OS maps for this walk

OS Explorer 105 OS Explorer 105 (laminated version)

Click or tap on map for more info (blue=laminated)


  • Views over the creeks of Carrick Roads
  • The ivy-clad ruined church tower at Old Kea
  • Wildflowers throughout the spring including snowdrops, daffodils, primroses and bluebells


  1. If the tide is out, facing the river, turn right and follow along the shoreline until you reach a waymark where a track descends to meet the path along the water's edge. If the tide is fully in, making it impossible to follow the shoreline, then follow the track marked with the Public Footpath sign to Lower Lanner Farm which goes up, then along, then down to rejoin the path at the waymark by the water's edge.

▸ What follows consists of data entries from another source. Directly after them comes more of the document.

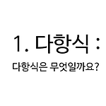 이번에는 다항식을 나타내는 방법에 대해서 알아보도록 하겠습니다. 다음에는 변수가 하나가 아닐 때 다항식을 어떻게 나타내는지에 대해서 알아보도록 하겠습니다.
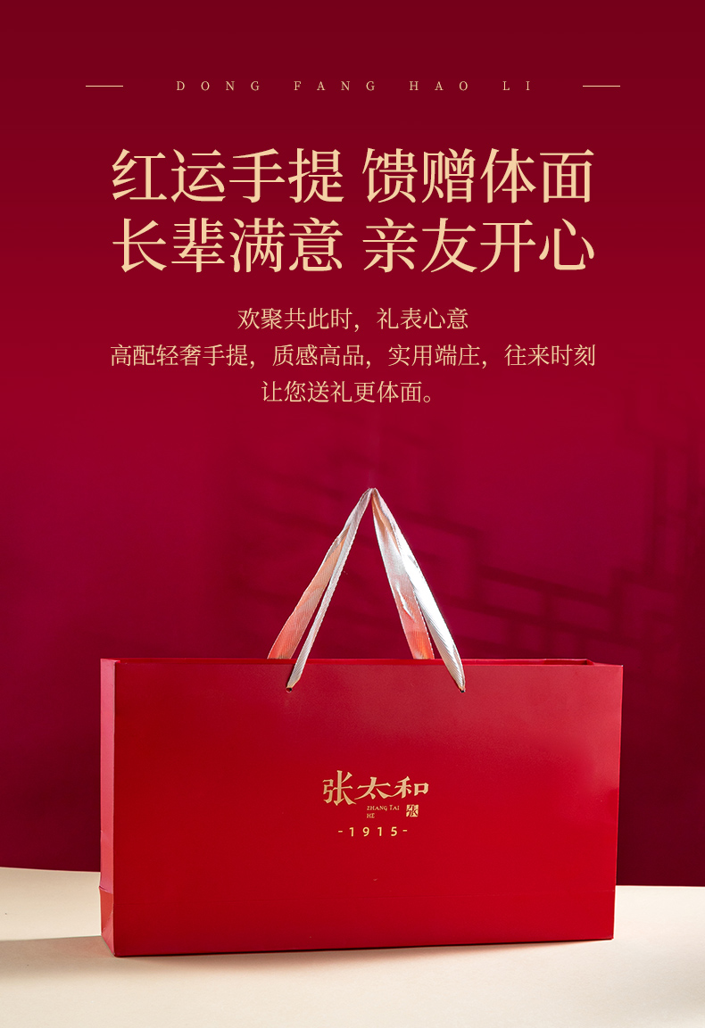 经典中国红礼盒,搭配同款提袋,设计稳重大方,传递吉祥寓意。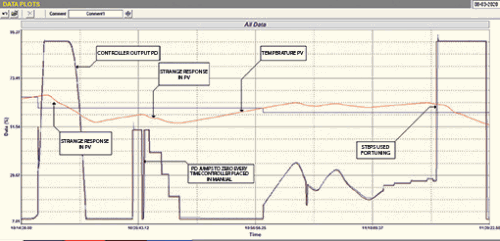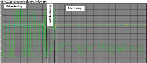 Figure 3 is a screenshot taken from the actual control system’s trends package which shows the performance before and after the optimisation exercise. (The green line is the PD (controller’s output) – all in all, another very successful and pleasurable day at the ‘coal face’.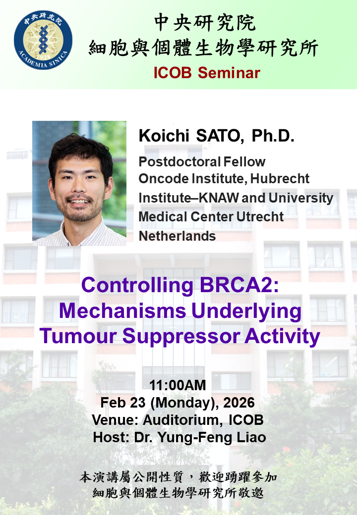 - 講 題:[細生所演講] Controlling BRCA2: Mechanisms Underlying Tumour Suppressor Activity

    The village of Coombe and much of the surrounding land is owned by The Tregothnan Estate (of Lord Falmouth). Coombe had no road access until 1926 and for centuries was occupied by two ancient Cornish families (Gunn and Ferris) and so was alternatively known as the "Gunn Valley" (as Coombe just means "valley"). A stone enclosure part-way down the creek is thought to be the remains of a mediaeval oyster keep.

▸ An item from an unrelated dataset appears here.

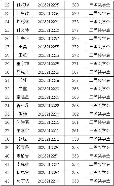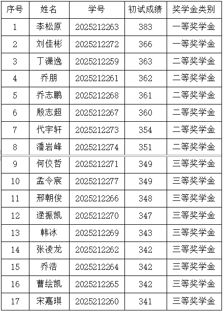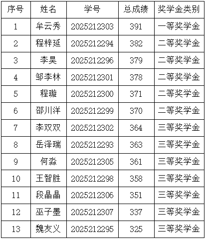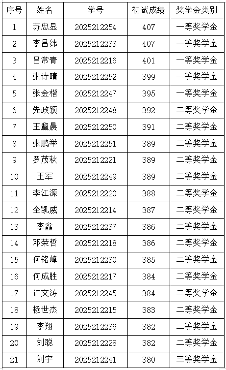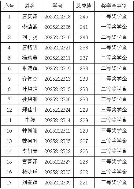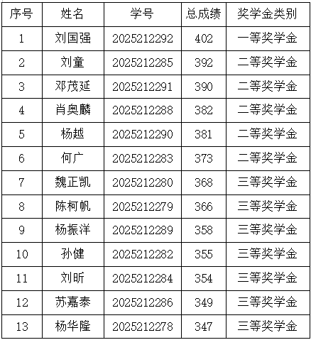 研究生奖(助)学金评定办法(修订)》,研究生一年级奖学金(即新生入学奖学金)评定综合总成绩计分标准为研究生参加全国研究生入学统一考试的笔试总成绩,如出现总成绩相同,物流工程与管理专业以管理类综合能力成绩排名为准,其他专业以思想政治、英语及数学科目总成绩排名为准。经奖助工作委员会评审,现将2025级新生学业奖学金获奖名单公示如下:

  2. Follow the waymarked path along the edge of the creek until you reach the point where the path turns away from the creek.

    Over 400 years ago, plums were discovered growing beside Cowlands Creek on land owned by the Tregothnan Estate. Soon this had been multiplied into a number of small orchards and by the 19th Century, pickers would arrive by steamer to help with harvest. This was done my shaking the tree to ensure only ripe plums were harvesting. Since some of the plum trees overhung Cowlands Creek, boats needed to be positioned beneath the tree to catch falling plums. The plums were stored in baskets lined with ferns to allow air circulation and protect the fruit from any mould.

  3. Follow the path uphill to a waymark and turn left past the Turn-a-Penny sign then follow along the hedge to join a path and reach a stile.

    In the late 20th Century, the Kea Plum was largely forgotten. A number of trees still grew in back gardens in Coombe but the fruit was just used by tenants living in the cottages. In the 21st Century, interest in reviving heritage varieties of fruit and veg has generated a market for the Kea Plum. Residents were contacted by the Tregothnan Estate to inform them that their fruit belonged to the estate who now once again collect the plums each year. Tregothnan sells Kea plum jam and frozen plums online and is working on making the area a Protected Designation of Origin.

  4. Cross (or go around) the stile and follow the path to emerge on a track beside the white cottage (ignore the waymarked path to the right).

    In spring, bluebells and early purple orchids flower in the woods.

    The early purple orchid has a Latin name meaning "virile" which is in keeping with the word "orchid" coming from the Greek word for testicle (on account of the shape of the tuber).

    This particular species is the con-man of the plant kingdom, with brilliant purple flowers resembling those of other nectar-rich orchids. When the insects arrive and push through the pollen to investigate the promising flowers, they discover that the flowers contain no nectar.

    Wood anemones can be recognised by their white star-like flowers growing in shady locations during the spring. Hoverflies are important pollinators of the plant so you may also see these nearby. Avoid touching the plants as they are poisonous to humans and can cause severe skin irritation.

    The anemones grow from underground stems (rhizomes) and spread very slowly - to spread by six feet takes about 100 years! This makes it a good indicator of ancient woodland.

    A flower is effectively an advert to insects that nectar is available and the reason that flowers are coloured and scented is so these adverts get noticed. The basic idea with most flowers is to lure the insect in with a bribe of nectar and then whilst they are there, unload pollen they are carrying from another flower, stick some pollen to them from this flower, and send them on their way.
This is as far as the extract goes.